--- Entries shown Enclosed Below ---

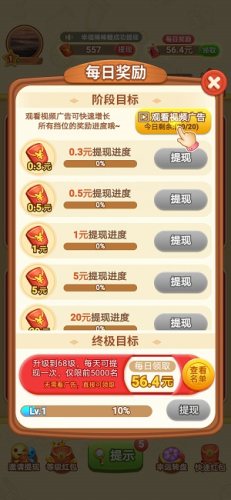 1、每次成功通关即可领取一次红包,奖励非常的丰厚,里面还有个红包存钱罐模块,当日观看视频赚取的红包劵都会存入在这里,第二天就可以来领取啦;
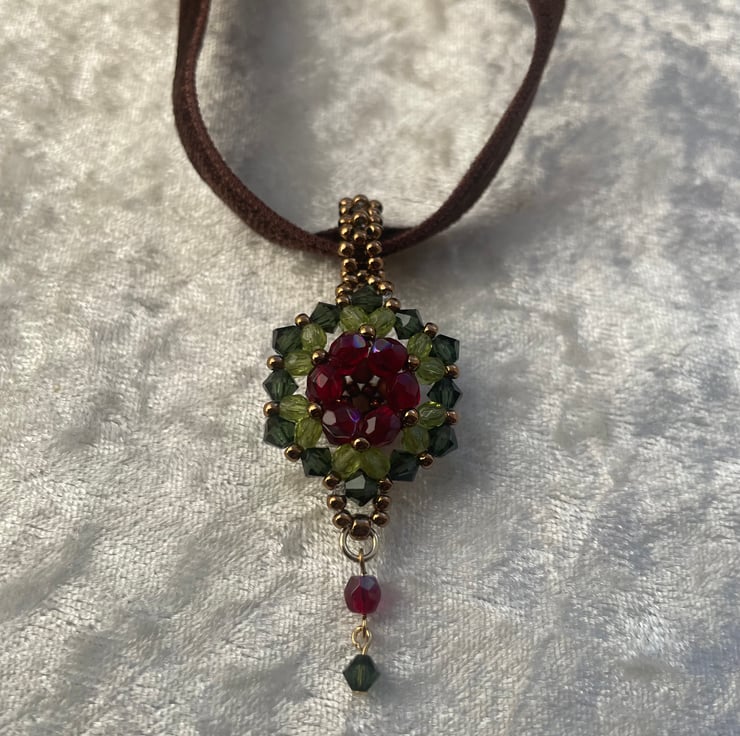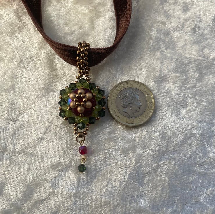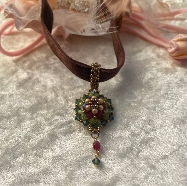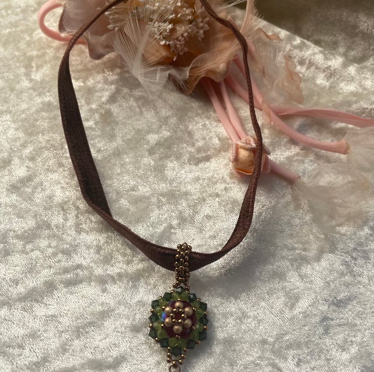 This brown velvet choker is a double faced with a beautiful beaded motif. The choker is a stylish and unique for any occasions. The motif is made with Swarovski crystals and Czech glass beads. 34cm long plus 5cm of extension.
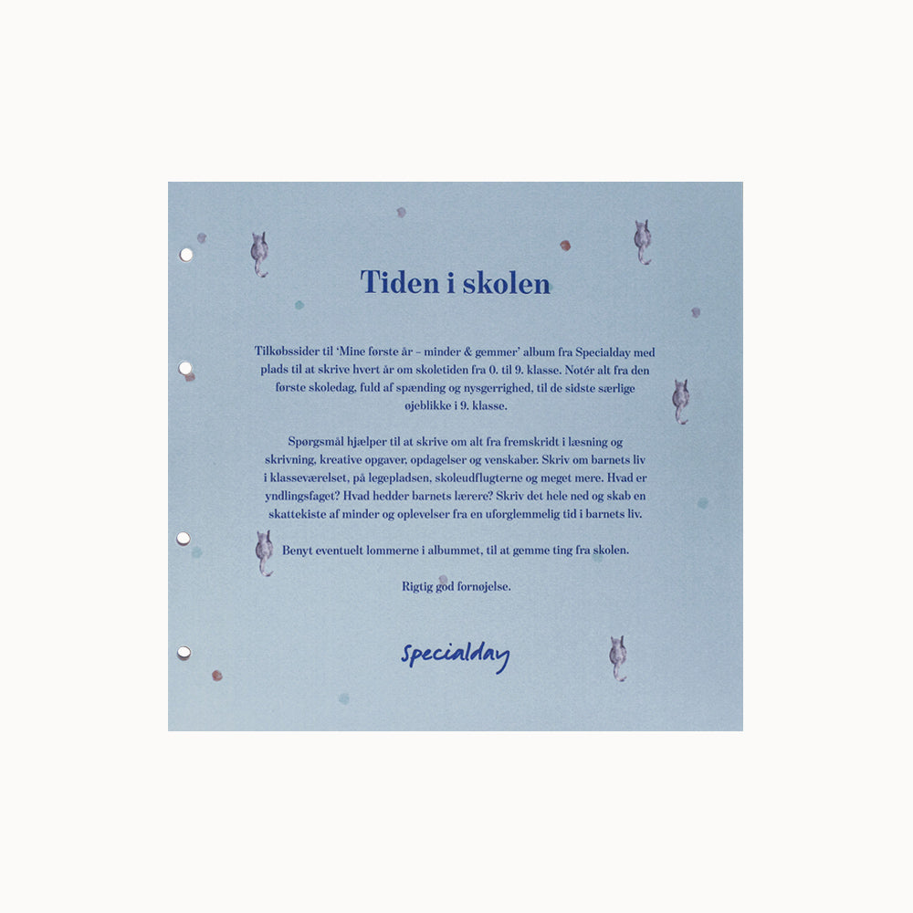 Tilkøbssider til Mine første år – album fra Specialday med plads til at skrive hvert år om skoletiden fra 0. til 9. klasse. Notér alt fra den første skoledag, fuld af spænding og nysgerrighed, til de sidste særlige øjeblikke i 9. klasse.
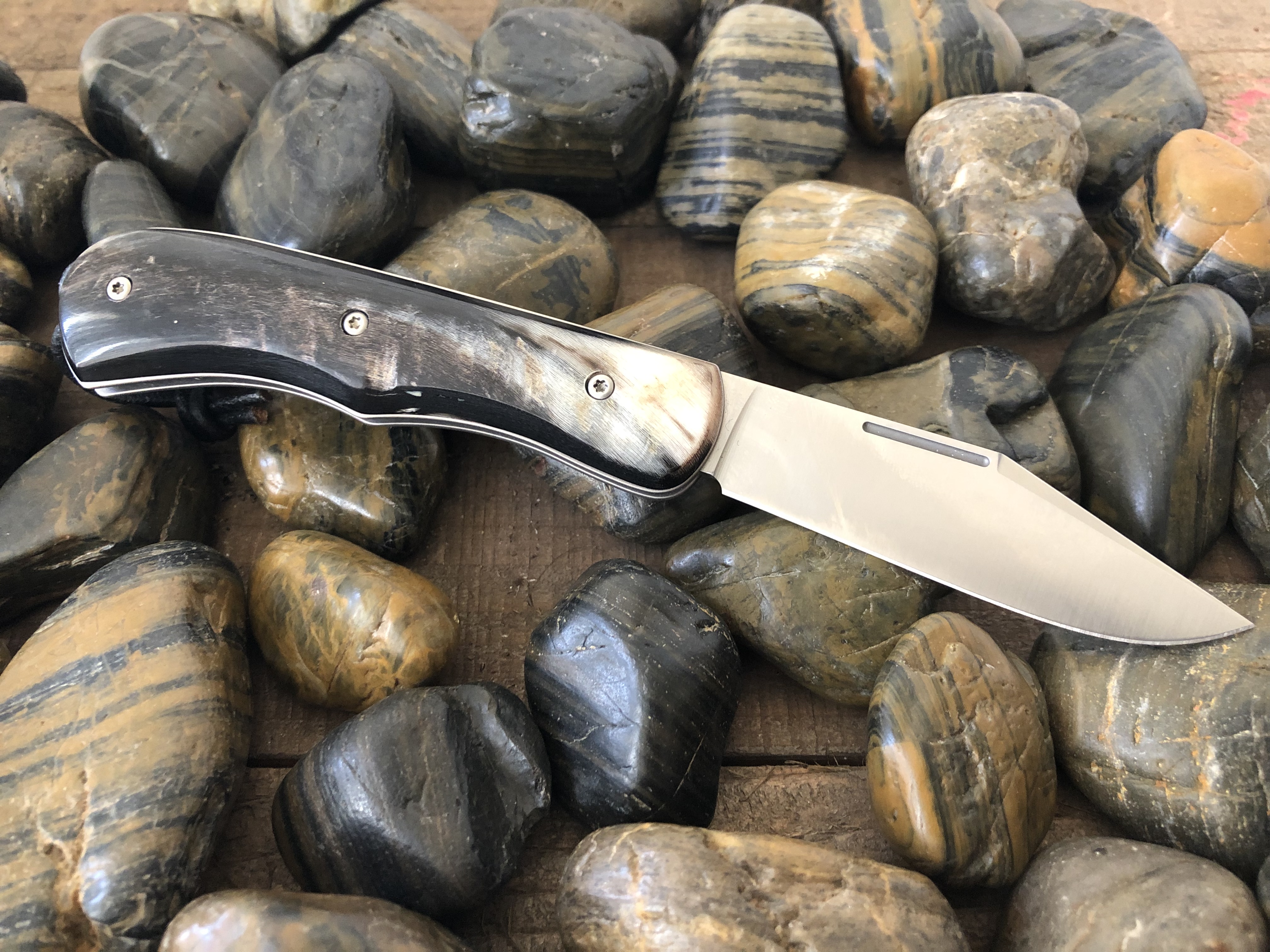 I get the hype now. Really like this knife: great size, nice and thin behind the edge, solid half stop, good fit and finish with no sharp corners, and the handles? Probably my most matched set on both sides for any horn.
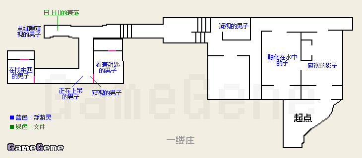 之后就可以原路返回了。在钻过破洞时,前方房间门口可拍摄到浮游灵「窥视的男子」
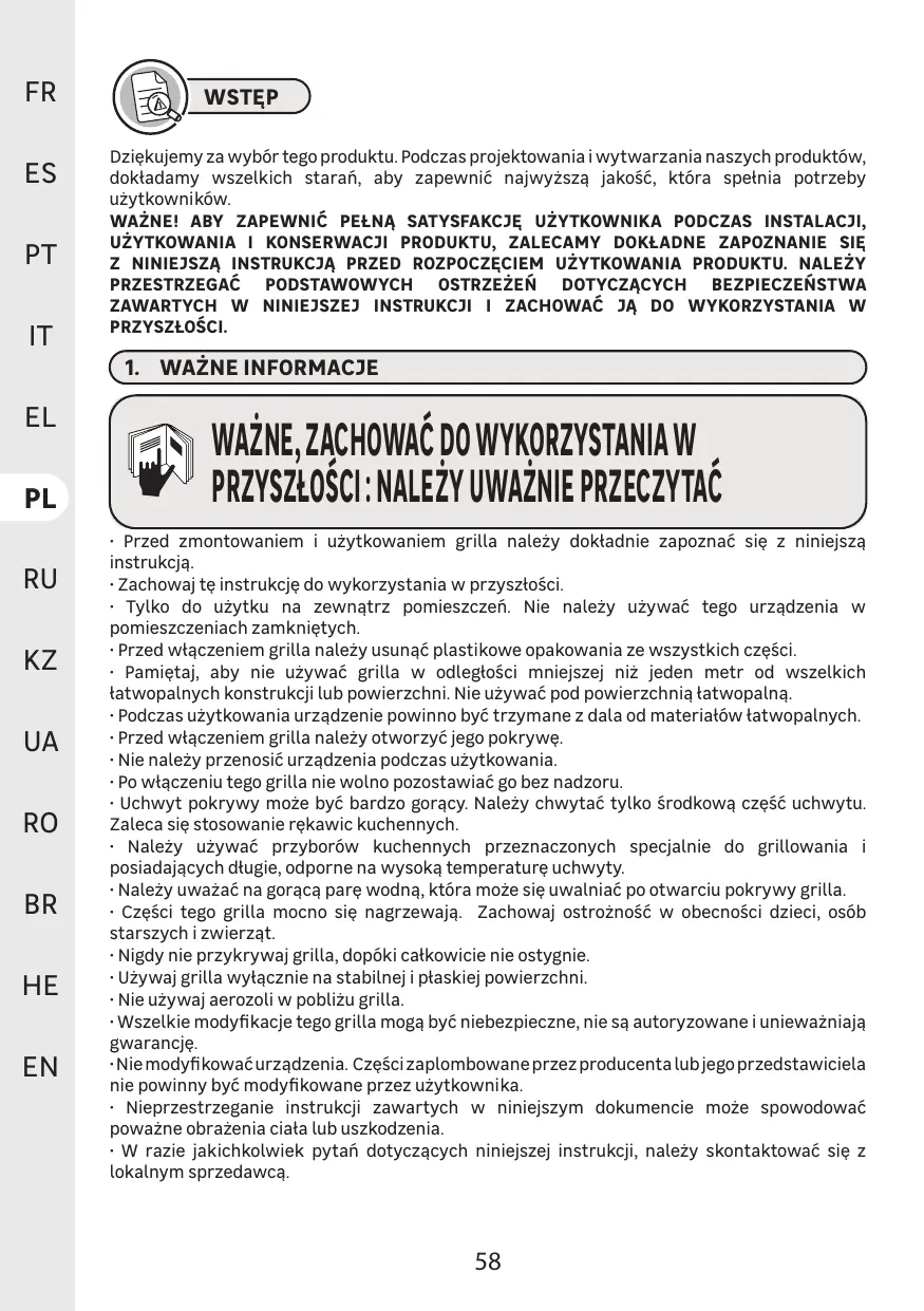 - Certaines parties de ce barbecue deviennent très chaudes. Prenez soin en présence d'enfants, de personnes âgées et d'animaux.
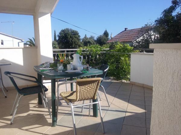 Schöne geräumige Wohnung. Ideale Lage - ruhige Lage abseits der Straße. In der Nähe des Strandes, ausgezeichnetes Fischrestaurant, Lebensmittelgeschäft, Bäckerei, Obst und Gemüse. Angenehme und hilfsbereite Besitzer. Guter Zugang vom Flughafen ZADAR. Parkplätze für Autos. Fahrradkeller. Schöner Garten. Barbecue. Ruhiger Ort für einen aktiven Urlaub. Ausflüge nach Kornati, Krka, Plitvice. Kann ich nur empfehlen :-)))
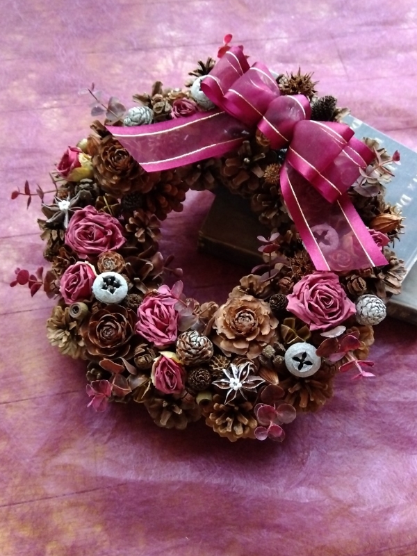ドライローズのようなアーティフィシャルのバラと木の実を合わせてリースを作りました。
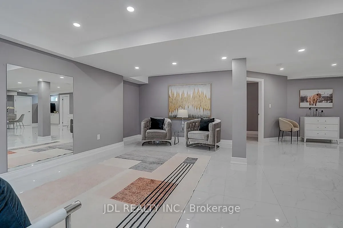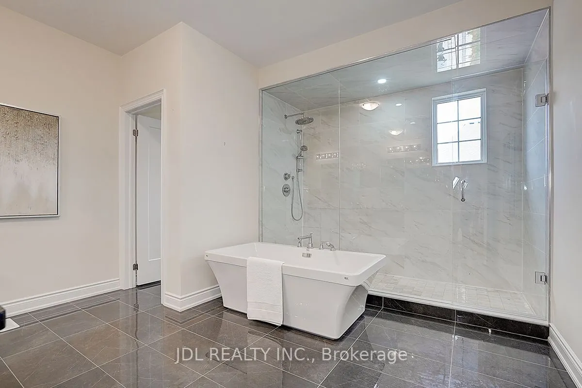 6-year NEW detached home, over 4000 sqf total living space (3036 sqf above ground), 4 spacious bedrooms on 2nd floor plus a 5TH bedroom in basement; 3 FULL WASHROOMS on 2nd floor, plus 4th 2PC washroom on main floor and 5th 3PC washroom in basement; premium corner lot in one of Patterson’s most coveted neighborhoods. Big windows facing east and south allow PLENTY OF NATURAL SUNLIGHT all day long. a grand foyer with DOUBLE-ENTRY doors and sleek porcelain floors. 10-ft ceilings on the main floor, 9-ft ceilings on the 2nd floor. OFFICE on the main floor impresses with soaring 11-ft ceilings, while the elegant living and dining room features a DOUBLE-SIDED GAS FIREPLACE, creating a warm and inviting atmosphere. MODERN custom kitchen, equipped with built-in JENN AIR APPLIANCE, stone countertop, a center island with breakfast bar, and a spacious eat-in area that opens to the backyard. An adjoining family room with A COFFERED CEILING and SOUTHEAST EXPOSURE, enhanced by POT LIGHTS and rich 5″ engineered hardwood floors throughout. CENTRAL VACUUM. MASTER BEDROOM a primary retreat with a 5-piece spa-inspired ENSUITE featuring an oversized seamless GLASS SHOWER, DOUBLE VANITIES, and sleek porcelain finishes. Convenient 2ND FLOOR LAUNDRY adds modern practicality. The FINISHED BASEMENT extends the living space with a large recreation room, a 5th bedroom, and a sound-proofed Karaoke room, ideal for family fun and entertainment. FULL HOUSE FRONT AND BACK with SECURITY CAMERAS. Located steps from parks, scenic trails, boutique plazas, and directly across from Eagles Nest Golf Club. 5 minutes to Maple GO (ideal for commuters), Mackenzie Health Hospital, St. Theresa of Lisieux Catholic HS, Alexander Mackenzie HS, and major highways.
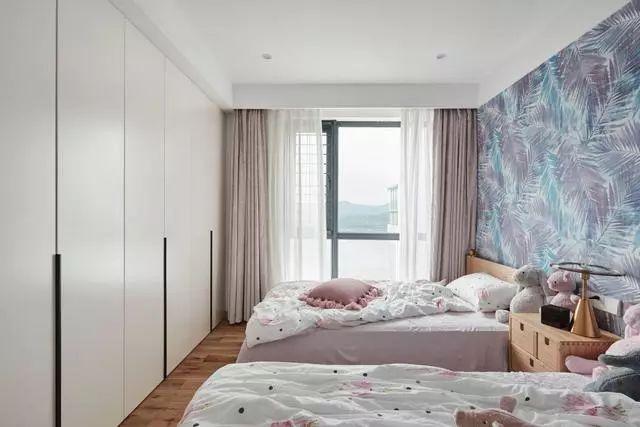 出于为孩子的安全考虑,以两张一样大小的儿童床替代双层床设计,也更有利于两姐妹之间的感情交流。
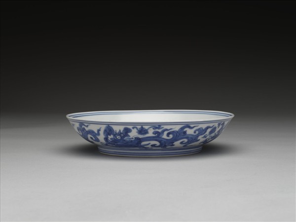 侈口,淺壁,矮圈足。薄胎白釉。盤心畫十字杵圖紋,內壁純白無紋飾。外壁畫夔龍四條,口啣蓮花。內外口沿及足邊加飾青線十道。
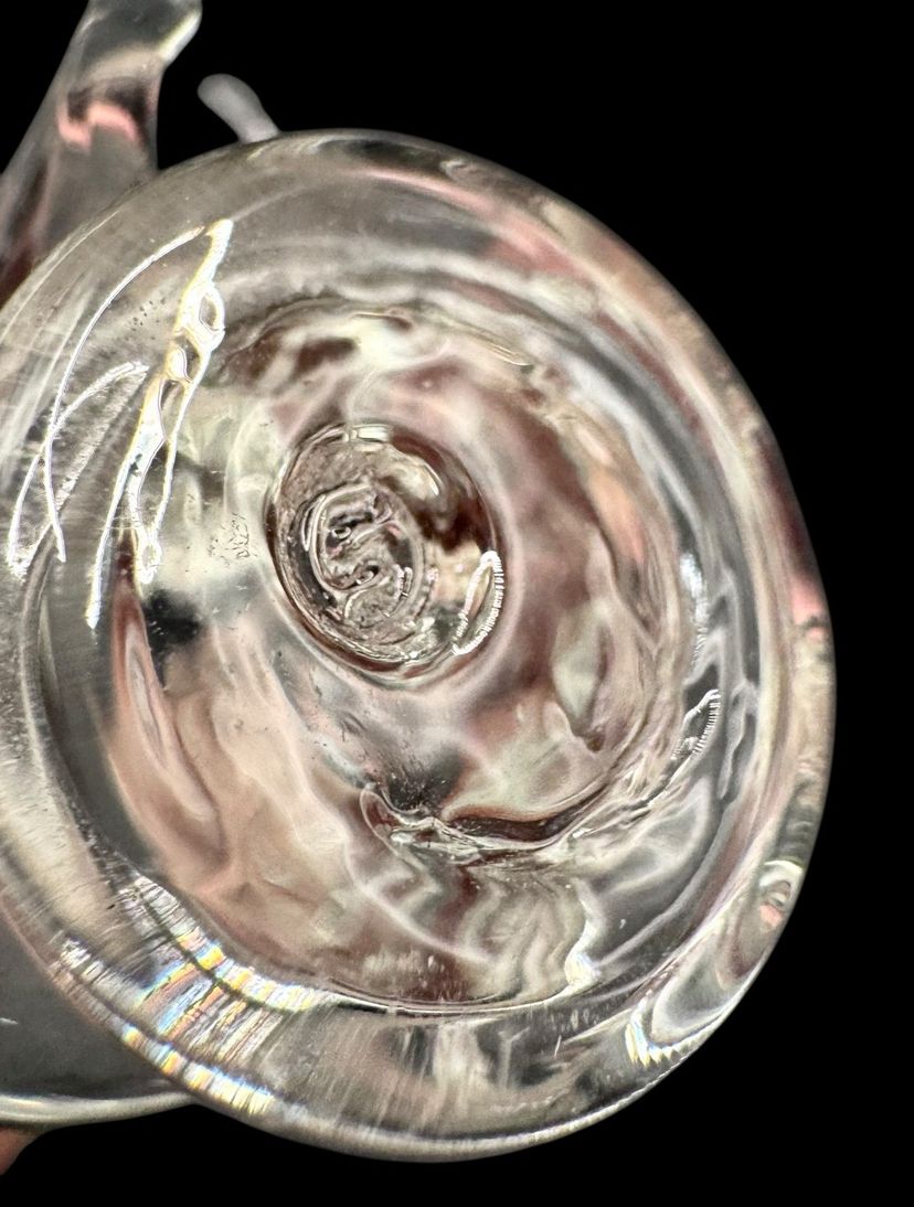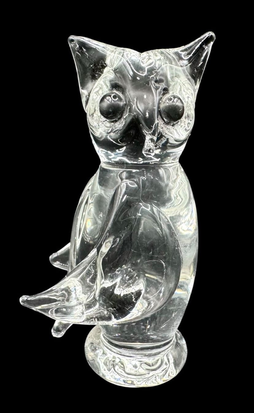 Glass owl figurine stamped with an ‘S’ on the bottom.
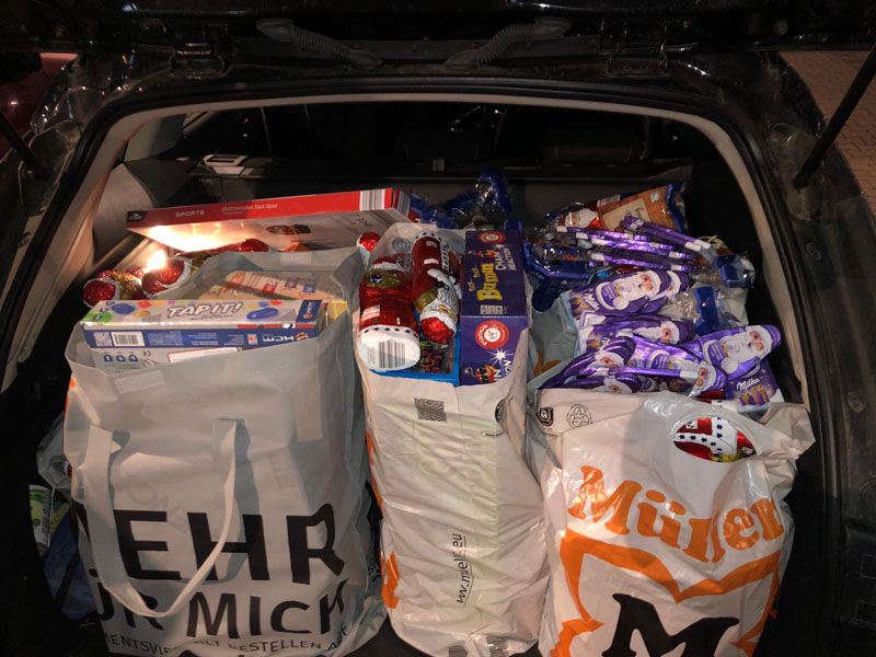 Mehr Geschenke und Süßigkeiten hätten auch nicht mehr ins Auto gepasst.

--- End of Enclosed Entries shown ---

> Task directions:
The exact lines from the beginning of the data through the one that contains "- Certaines parties" must be given again, both ends included, and pictures must be left out.

> Answer space:
 1、每次成功通关即可领取一次红包,奖励非常的丰厚,里面还有个红包存钱罐模块,当日观看视频赚取的红包劵都会存入在这里,第二天就可以来领取啦;
 This brown velvet choker is a double faced with a beautiful beaded motif. The choker is a stylish and unique for any occasions. The motif is made with Swarovski crystals and Czech glass beads. 34cm long plus 5cm of extension.
 Tilkøbssider til Mine første år – album fra Specialday med plads til at skrive hvert år om skoletiden fra 0. til 9. klasse. Notér alt fra den første skoledag, fuld af spænding og nysgerrighed, til de sidste særlige øjeblikke i 9. klasse.
 I get the hype now. Really like this knife: great size, nice and thin behind the edge, solid half stop, good fit and finish with no sharp corners, and the handles? Probably my most matched set on both sides for any horn.
 之后就可以原路返回了。在钻过破洞时,前方房间门口可拍摄到浮游灵「窥视的男子」
 - Certaines parties de ce barbecue deviennent très chaudes. Prenez soin en présence d'enfants, de personnes âgées et d'animaux.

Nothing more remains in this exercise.